In early 1982, Dick Pick saw a copy of the Reality Pocket Guide I had written and published the previous year. He tasked Ken All, their PR guy at the time to contact me and see if I would produce a custom version for Pick & Associates. I estimated that it would take about six weeks to produce, since I only had to search and replace certain bits. But that was before I met the legendary Henry Eggers, widely considered to be the principal architect of the system, who took a keen interest in the project and in so doing became my personal mentor on the depths and intricacies of the Pick System.

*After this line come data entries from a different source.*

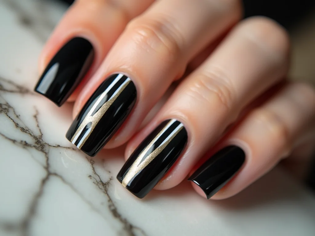 Combinações Clássicas: Preto e Branco, o Charme AtemporalNunca saem de moda. Transmitem elegância e versatilidade.Use as listras em uma ou duas unhas como ponto focal, ou em todas para um visual impactante. Fica bom em qualquer formato de unha.
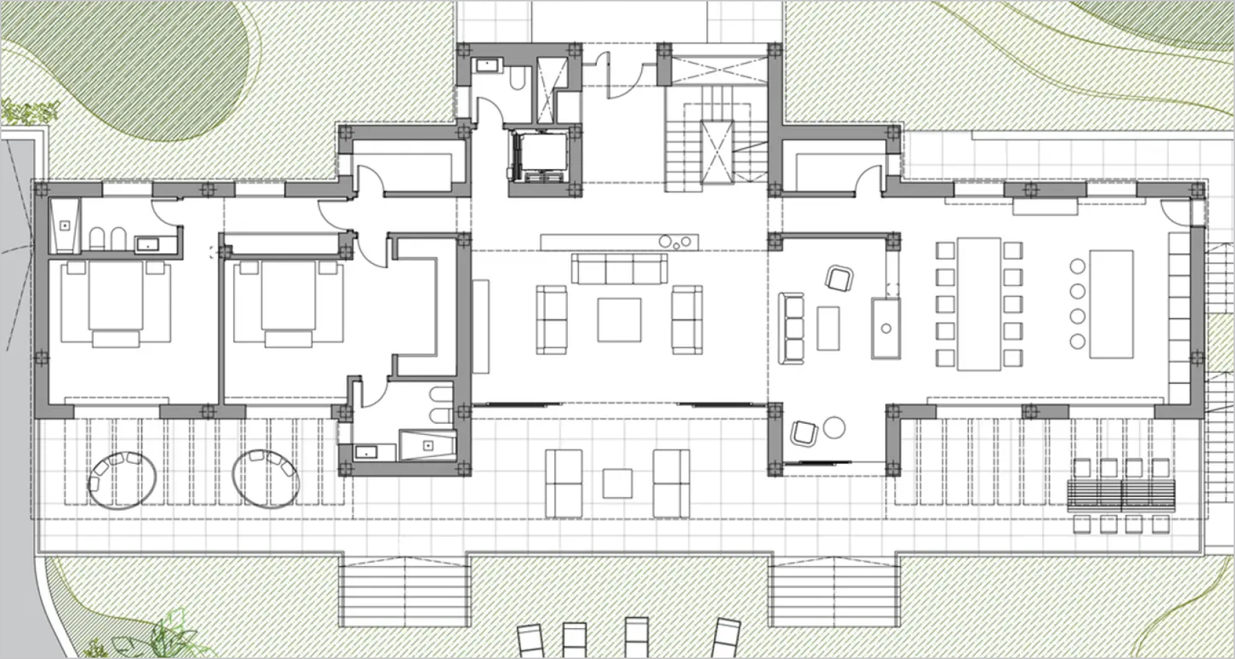 Upstairs, ascending the stairs we find a distribution space to the bedrooms, where each one has a private bathroom and an integrated dressing area, being the master bedroom independent. The secondary bedrooms also have a space for work, either a study area or an office in the anteroom of the bedrooms that separate the sleeping area from the work area. In the master bedroom there is also a space that can be used as an office or dressing room.
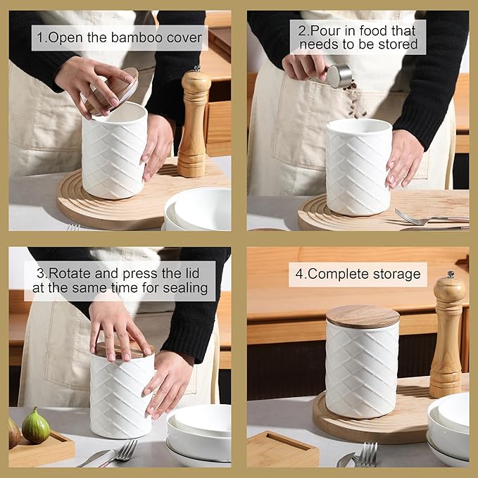 - EASY TO CLEAN - The ceramic storage container is round and smooth, easy to clean. Canisters are dishwasher safe. BUT Lids are hand wash only.
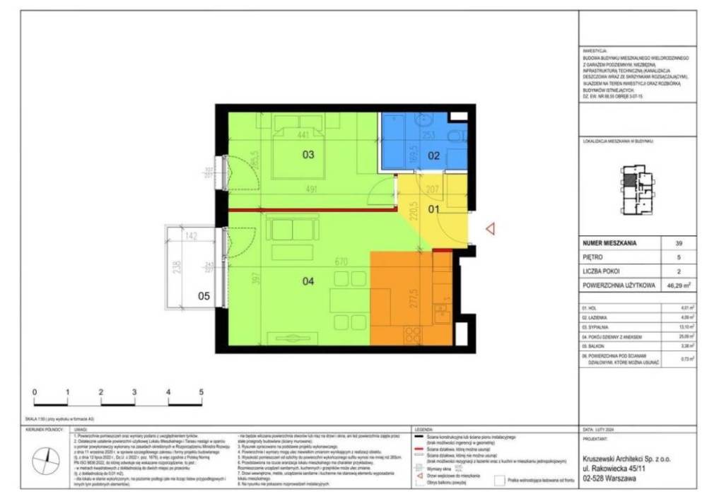 Opis ,2 pokojowe mieszkanie o pow.46,29 m2, 5 piętro | |
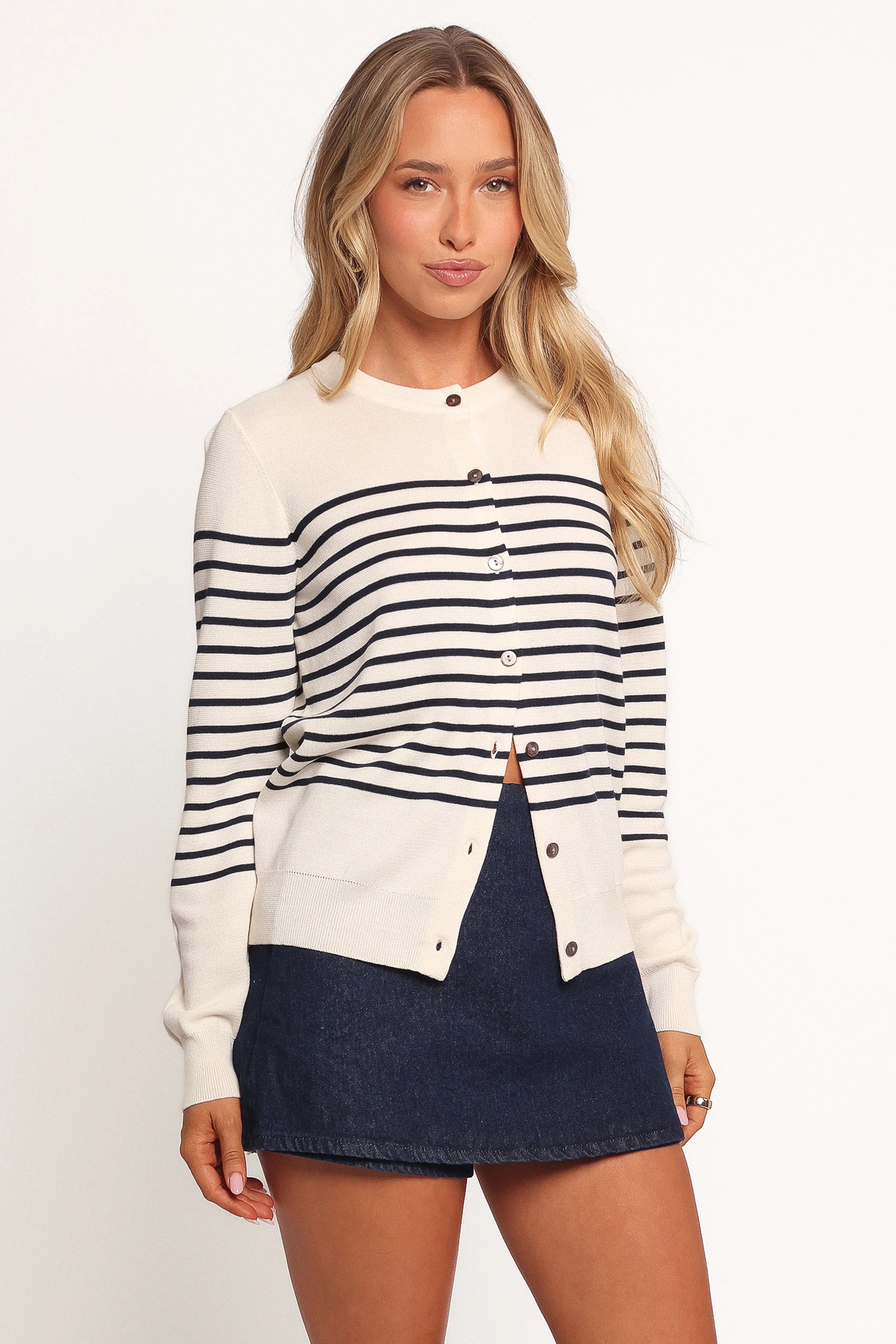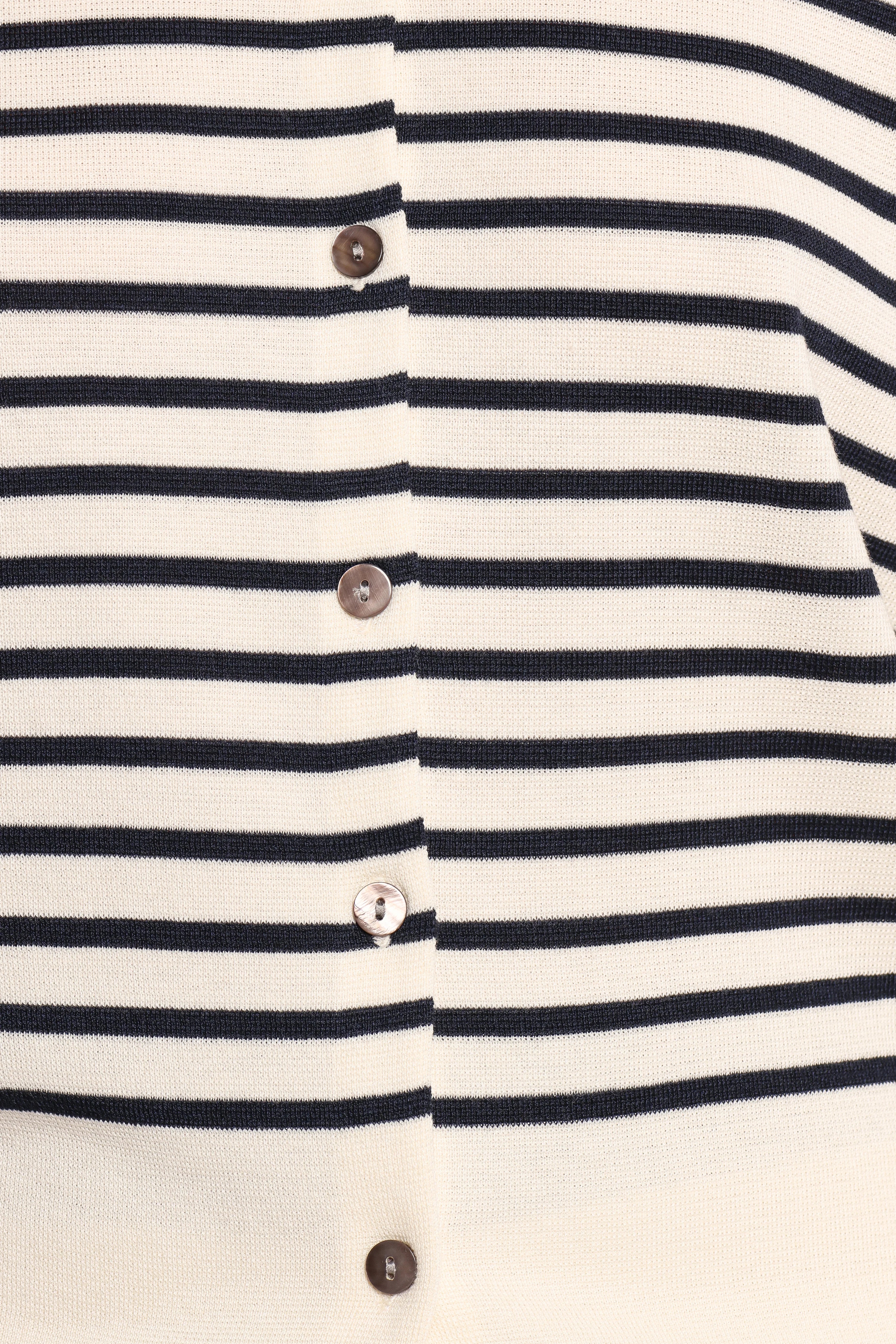 DETAILS Add an effortlessly chic touch to your wardrobe with the Gavi Button Front Striped Cardigan in Off White/Navy. Featuring a classic round neckline and long sleeves, this versatile piece blends timeless elegance with a modern stripe print design that pairs beautifully with any outfit.

My six week estimate turned into six months of rewrites, long discussions with Henry (who also wrote, among other things, the Print Spooler, whose dozen or so commands ended up taking many dozens of pages to describe), and a once-in-a-lifetime opportunity to work with the real heavyweights of the Pick industry at the height of their powers and the products' popularity.

Click to embiggen

This edition was produced in a 5 by 7 inch loose-leaf binder, which we called the "hard cover" version. Each copy in the first edition had a serial number, which precipitated the first real application at Pick Systems, to track the sales and owners of the copies. The database we began at that time became the basis of the now-legendary "entity" file that Dick Pick obsessed on for the remaining years of his life. It also might be of interest that it was during the writing of this book, we came up with the name "ACCESS" for the retrieval language and "Pick/BASIC" for the programming language. Up to that point, the people at Pick had called these "English" and "DATA/BASIC". It also precipitated another change at Pick, resulting in the renaming of the company from Pick and Associates to Pick Systems.

This book spawned a cottage industry for me. It went through a half-dozen editions, and about a half-dozen of the early Pick Licensees wanted custom versions for their implementations, which I also wrote.